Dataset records
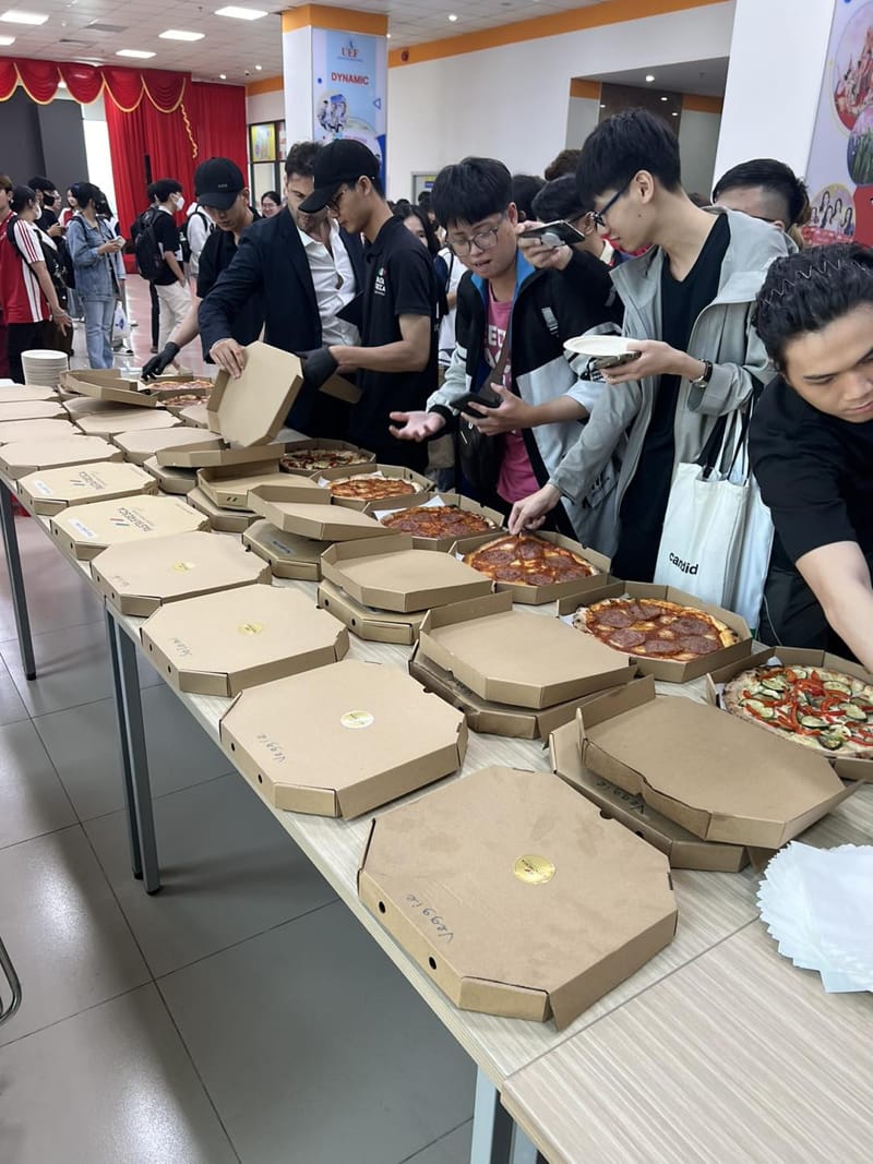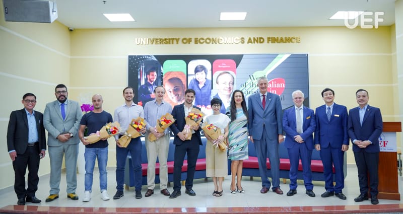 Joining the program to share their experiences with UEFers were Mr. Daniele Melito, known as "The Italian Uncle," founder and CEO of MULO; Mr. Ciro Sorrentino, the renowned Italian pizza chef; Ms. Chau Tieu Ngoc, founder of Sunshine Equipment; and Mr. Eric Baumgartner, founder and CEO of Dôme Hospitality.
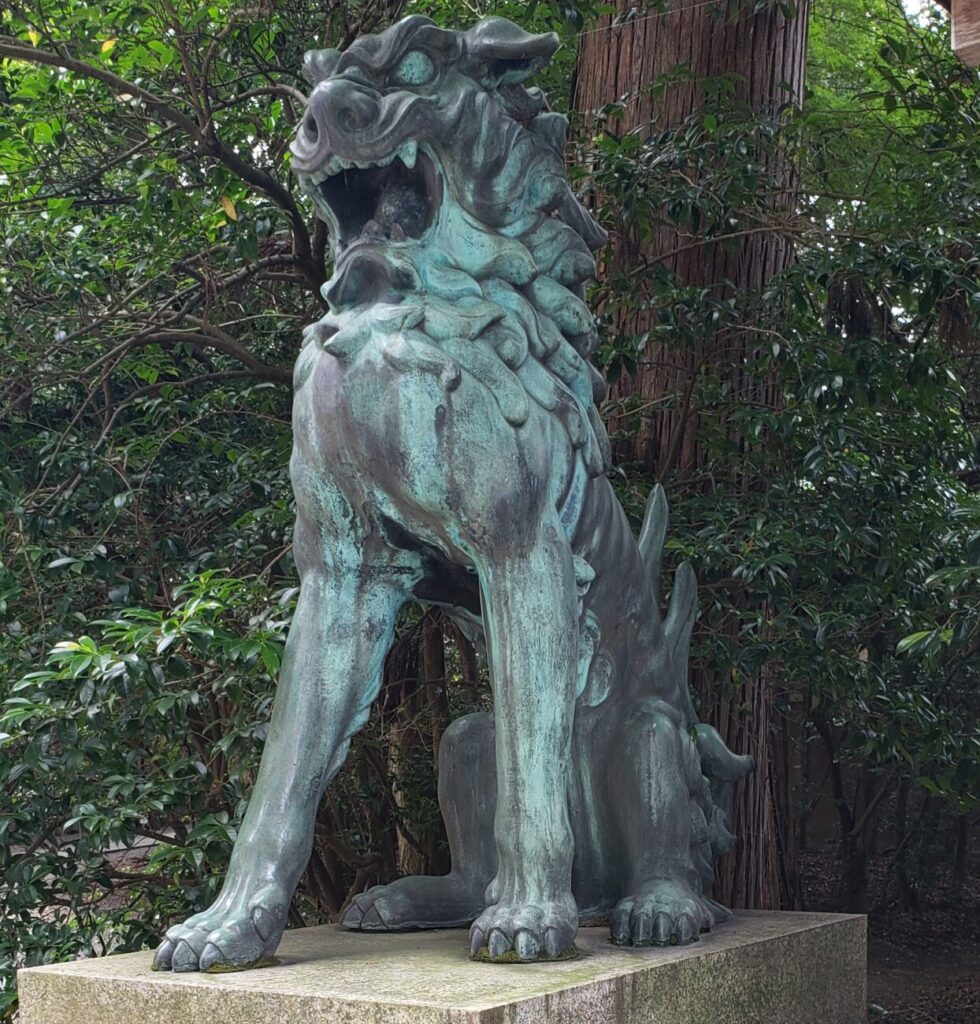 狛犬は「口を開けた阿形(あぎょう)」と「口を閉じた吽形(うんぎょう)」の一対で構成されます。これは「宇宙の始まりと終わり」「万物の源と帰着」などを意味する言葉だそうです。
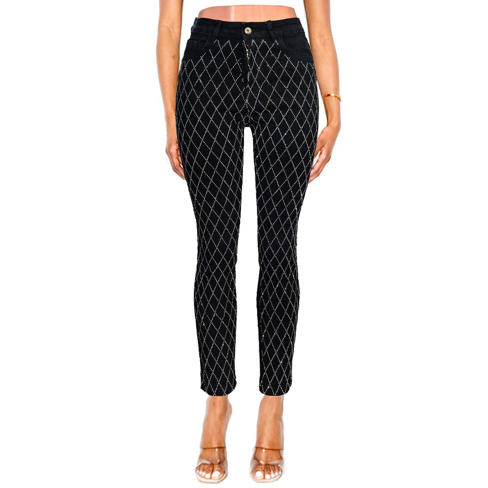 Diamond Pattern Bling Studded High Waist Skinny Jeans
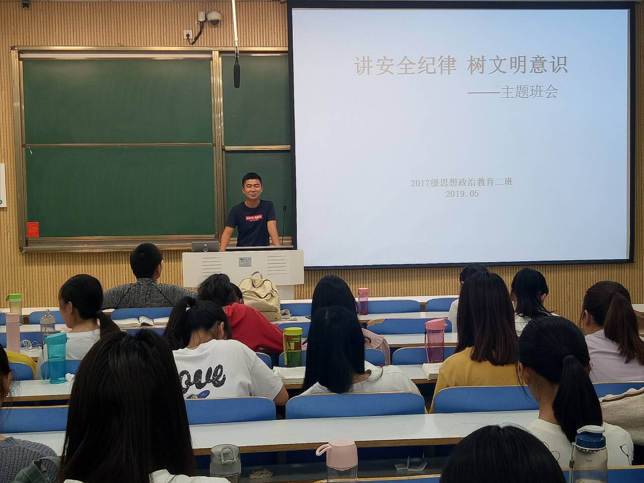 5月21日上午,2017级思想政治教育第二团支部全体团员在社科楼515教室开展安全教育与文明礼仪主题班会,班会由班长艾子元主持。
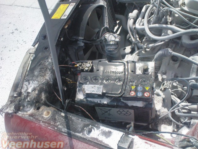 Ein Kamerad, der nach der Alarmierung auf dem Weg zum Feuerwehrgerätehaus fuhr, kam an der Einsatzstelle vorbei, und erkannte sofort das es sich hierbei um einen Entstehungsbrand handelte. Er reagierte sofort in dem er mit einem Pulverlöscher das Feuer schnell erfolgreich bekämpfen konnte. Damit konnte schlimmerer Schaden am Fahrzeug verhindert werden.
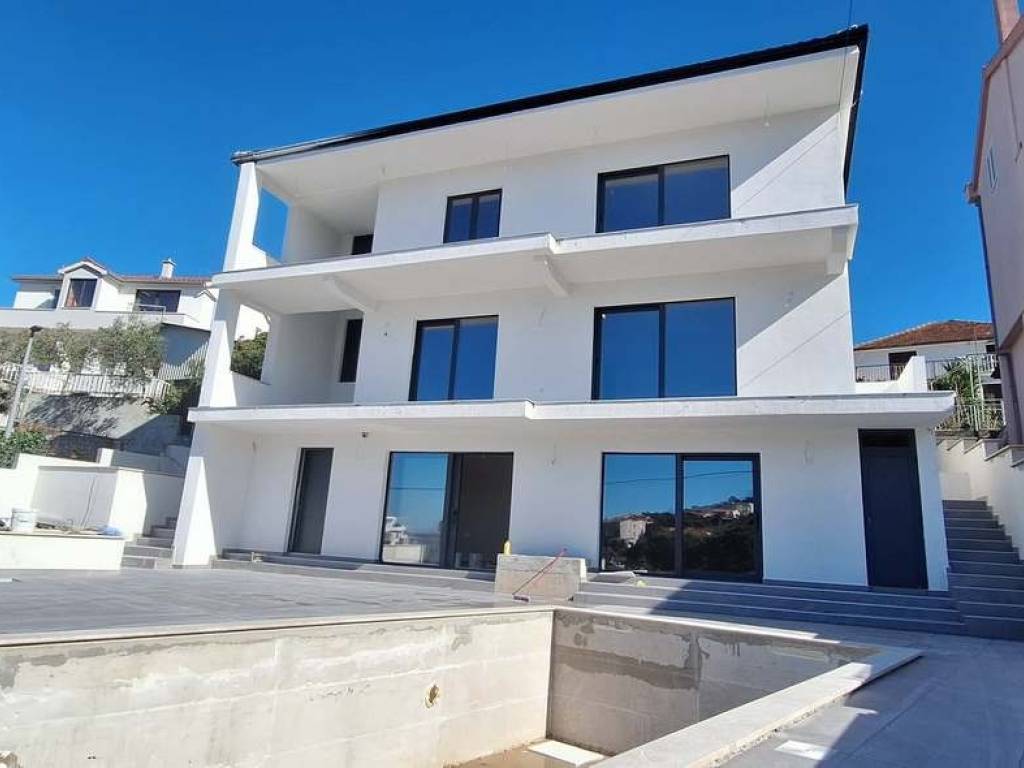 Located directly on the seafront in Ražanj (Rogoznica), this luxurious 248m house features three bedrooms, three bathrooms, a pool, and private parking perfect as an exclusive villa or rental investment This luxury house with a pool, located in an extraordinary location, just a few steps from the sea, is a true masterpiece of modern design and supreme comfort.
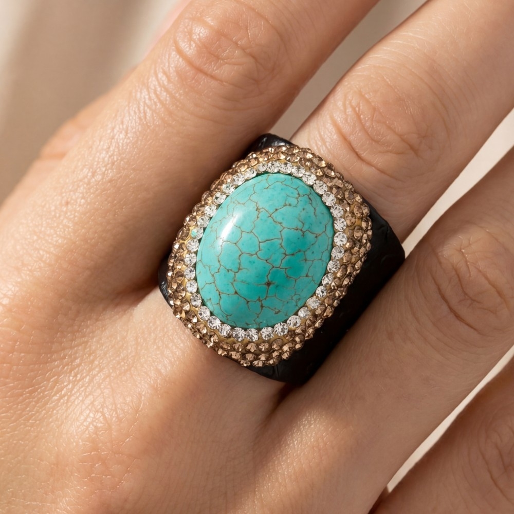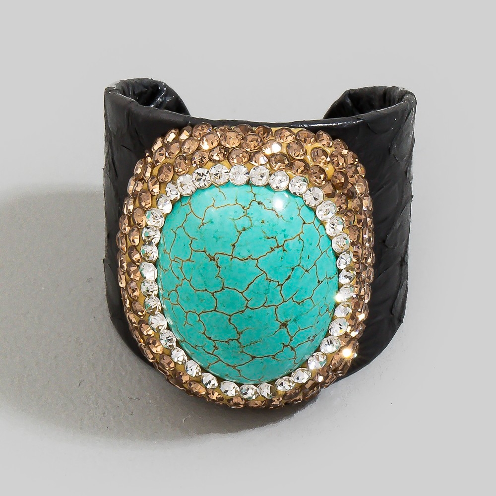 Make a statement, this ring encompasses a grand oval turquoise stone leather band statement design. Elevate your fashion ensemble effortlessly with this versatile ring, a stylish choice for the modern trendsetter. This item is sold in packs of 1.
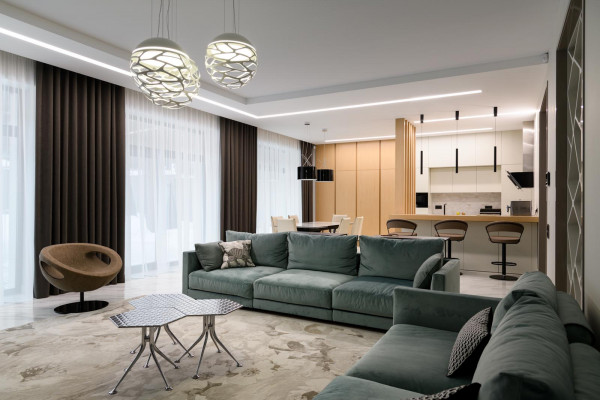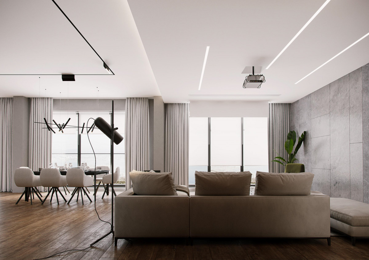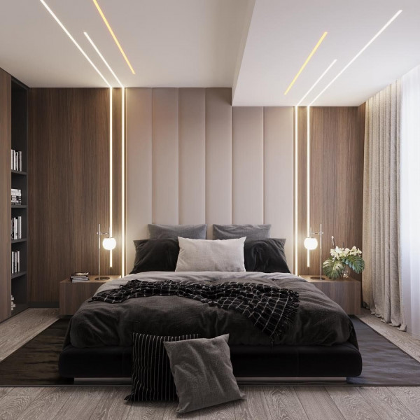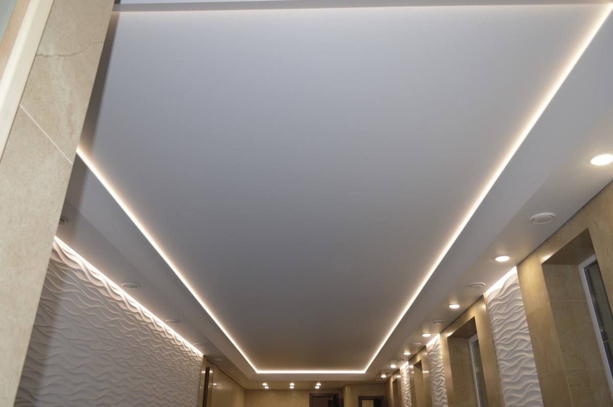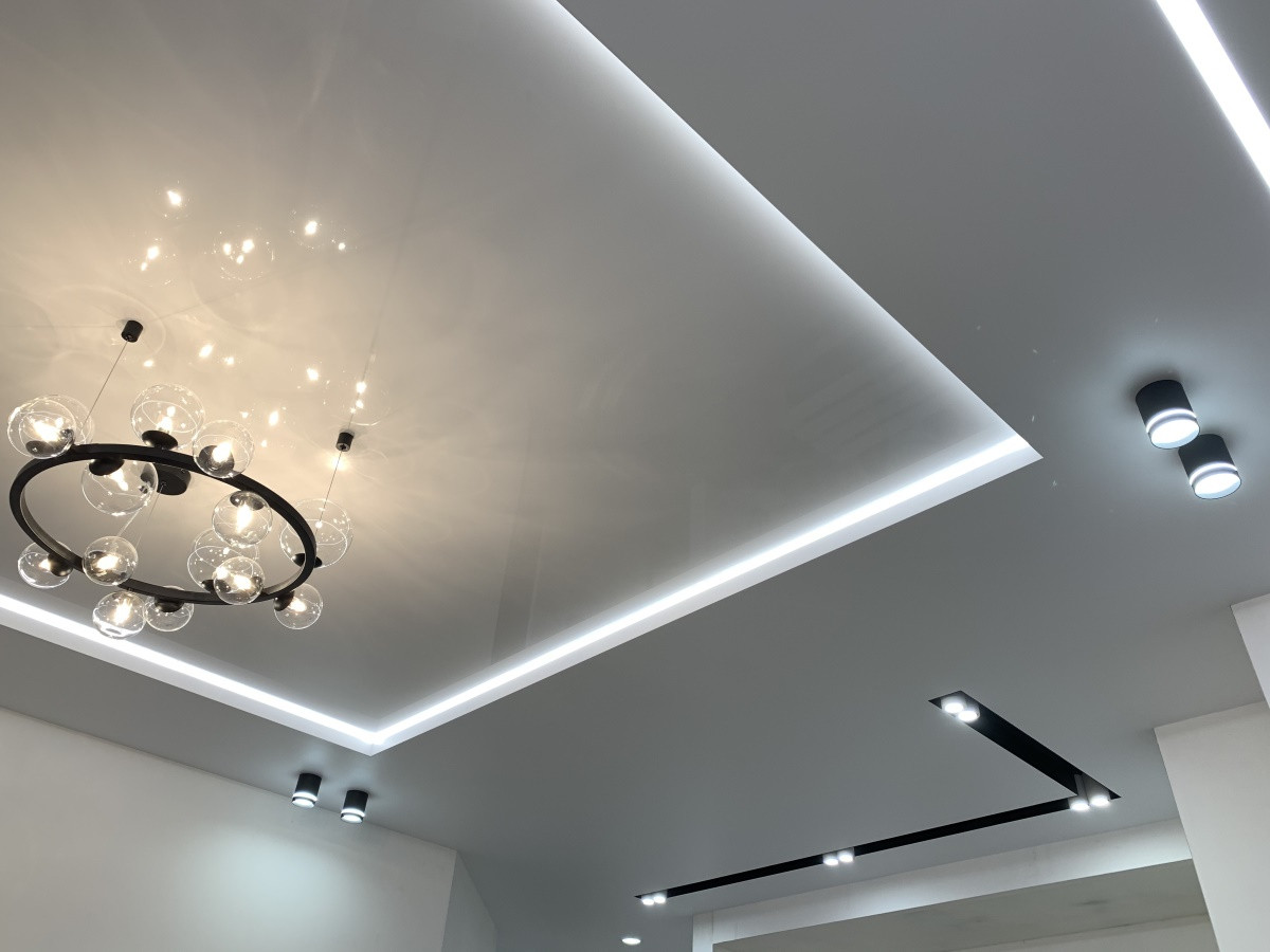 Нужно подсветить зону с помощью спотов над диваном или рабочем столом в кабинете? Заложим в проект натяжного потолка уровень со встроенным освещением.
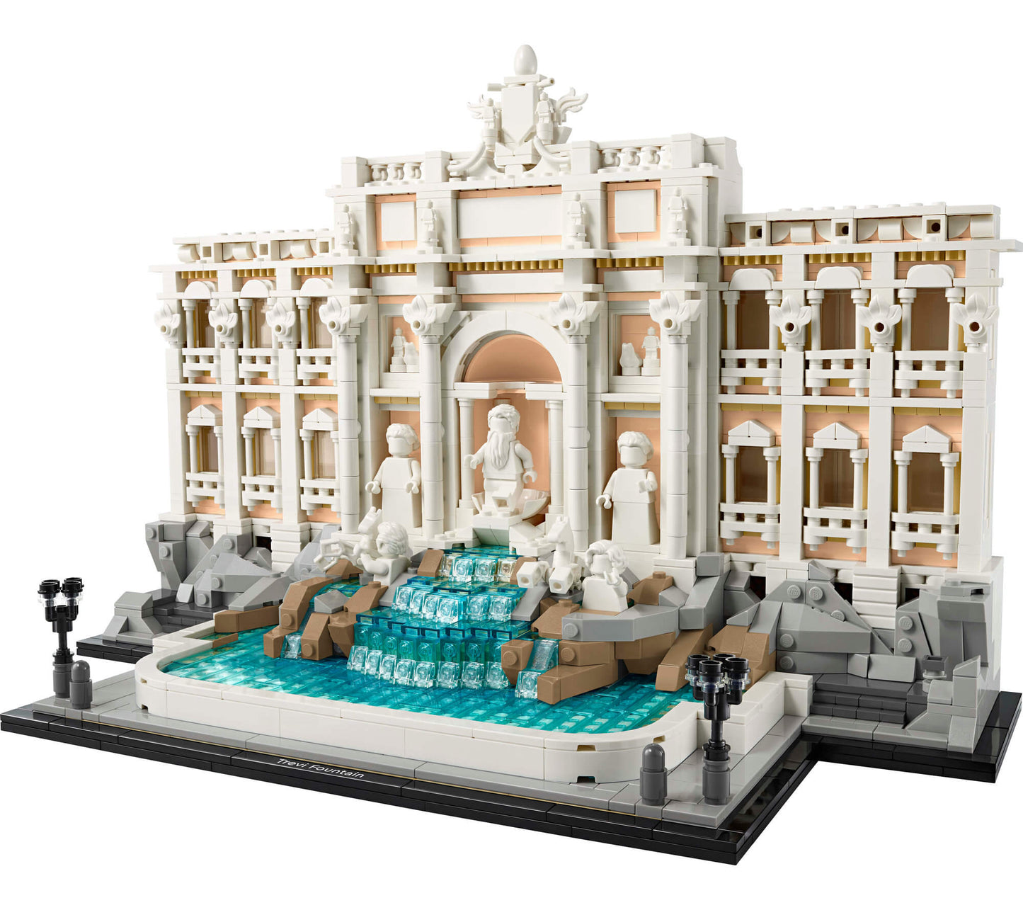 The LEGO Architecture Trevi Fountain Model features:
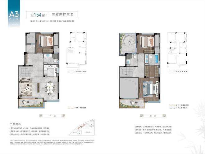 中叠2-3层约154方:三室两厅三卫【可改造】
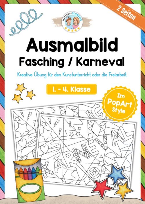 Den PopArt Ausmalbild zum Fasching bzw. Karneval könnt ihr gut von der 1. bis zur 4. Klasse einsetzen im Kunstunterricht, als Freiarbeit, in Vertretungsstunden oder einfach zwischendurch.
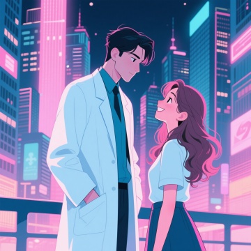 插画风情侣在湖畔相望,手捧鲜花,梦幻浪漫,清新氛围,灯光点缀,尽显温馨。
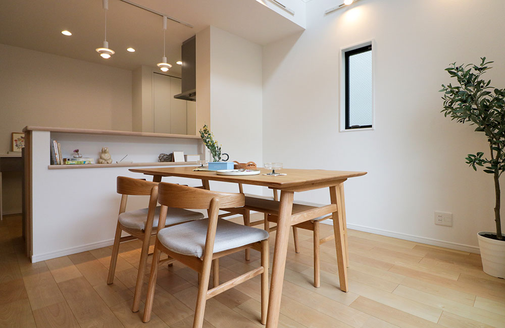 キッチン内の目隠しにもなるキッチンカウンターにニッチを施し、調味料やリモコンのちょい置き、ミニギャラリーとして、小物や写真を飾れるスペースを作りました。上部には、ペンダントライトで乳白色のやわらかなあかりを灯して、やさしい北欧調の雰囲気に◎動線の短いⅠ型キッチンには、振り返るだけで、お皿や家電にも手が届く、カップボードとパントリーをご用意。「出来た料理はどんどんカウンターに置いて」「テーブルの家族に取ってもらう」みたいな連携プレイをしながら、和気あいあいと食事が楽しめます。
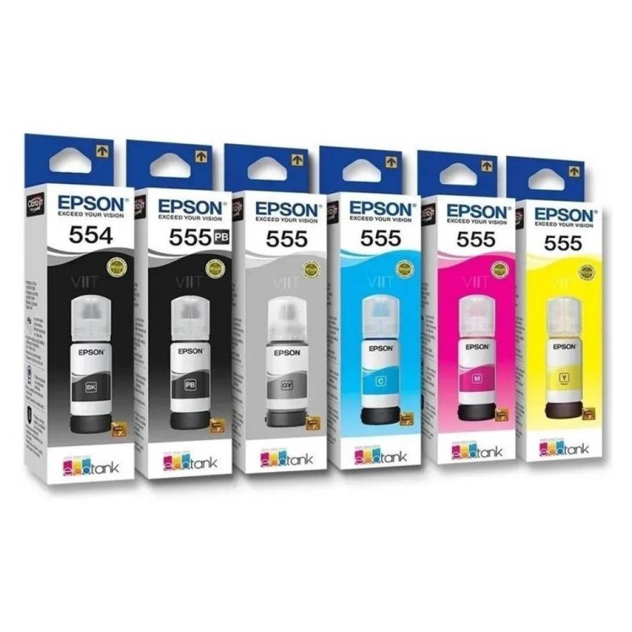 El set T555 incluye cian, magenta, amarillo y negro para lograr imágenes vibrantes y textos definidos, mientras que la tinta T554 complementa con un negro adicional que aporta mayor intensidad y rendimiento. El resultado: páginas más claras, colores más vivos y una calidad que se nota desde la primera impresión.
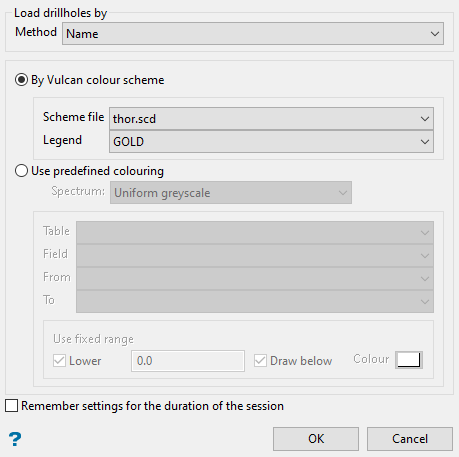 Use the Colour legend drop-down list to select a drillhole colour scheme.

*WHAT THE EXERCISE ASKS*.
Starting with the line that has "插画风情侣在湖畔相望,手捧鲜花,梦幻浪漫,清新氛围,灯光点缀,尽显温馨。" and ending with the last line of the records, retype every line exactly and only those lines. Do not include the pictures.

*ANSWER SECTION*.
 插画风情侣在湖畔相望,手捧鲜花,梦幻浪漫,清新氛围,灯光点缀,尽显温馨。
 キッチン内の目隠しにもなるキッチンカウンターにニッチを施し、調味料やリモコンのちょい置き、ミニギャラリーとして、小物や写真を飾れるスペースを作りました。上部には、ペンダントライトで乳白色のやわらかなあかりを灯して、やさしい北欧調の雰囲気に◎動線の短いⅠ型キッチンには、振り返るだけで、お皿や家電にも手が届く、カップボードとパントリーをご用意。「出来た料理はどんどんカウンターに置いて」「テーブルの家族に取ってもらう」みたいな連携プレイをしながら、和気あいあいと食事が楽しめます。
 El set T555 incluye cian, magenta, amarillo y negro para lograr imágenes vibrantes y textos definidos, mientras que la tinta T554 complementa con un negro adicional que aporta mayor intensidad y rendimiento. El resultado: páginas más claras, colores más vivos y una calidad que se nota desde la primera impresión.
 Use the Colour legend drop-down list to select a drillhole colour scheme.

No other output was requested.